Under the hood, string zonemaps use fastbloom and construct filters with either
BloomFilter::with_false_pos(fpr) or BloomFilter::with_num_bits(bits).
§Chunk Size Trade‑offs
Chunking affects both pruning power and compute overhead:
- Smaller chunks: better pruning (tighter ranges, smaller blooms), but more chunk bookkeeping.
- Larger chunks: fewer boundaries to manage, but coarser ranges and weaker pruning.
Guidance:
- Sorting your data by common filter columns before ingest can improve pruning effectiveness.
- Start with 512–2048 depending on data distribution and the selectivity of predicates.
§Expression API (metadata)
- Rich Expressions allow you to filter by metadata.
use otters::prelude::*;
// Examples
let e1 = col("age").gt(25) & col("score").gte(80.0);
let e2 = (col("age").lt(18) | col("age").gt(65)) & col("name").neq("alice");
let e3 = col("grade").eq("A") | col("grade").eq("B");§Status and stability
This project is early-stage.
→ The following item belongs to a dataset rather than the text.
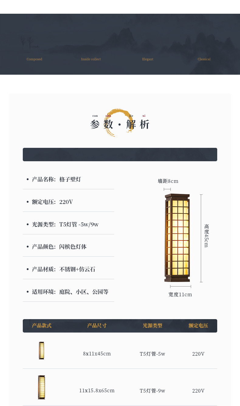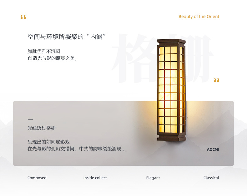 • 전원/새로운 중국 격자 무늬 벽 램프/중간 65cm/9W 따뜻한 빛

Expect frequent breaking changes
§Roadmap
- Test with real datasets
- Persistence (save/load MetaStore to/from disk)
- Mutability (add/remove rows after build)
- Quantization for vectors
- More Metrics (Manhattan, Hamming, Jaccard)
- More features to handle string columns (e.g.
contains,starts_with,ends_withor fuzzy matching) - More Metadata Types and Filters
- Ability to reorder metadata for better pruning ( Something like Z-ordering )
- Integration with Parquet/Arrow formats
- Python bindings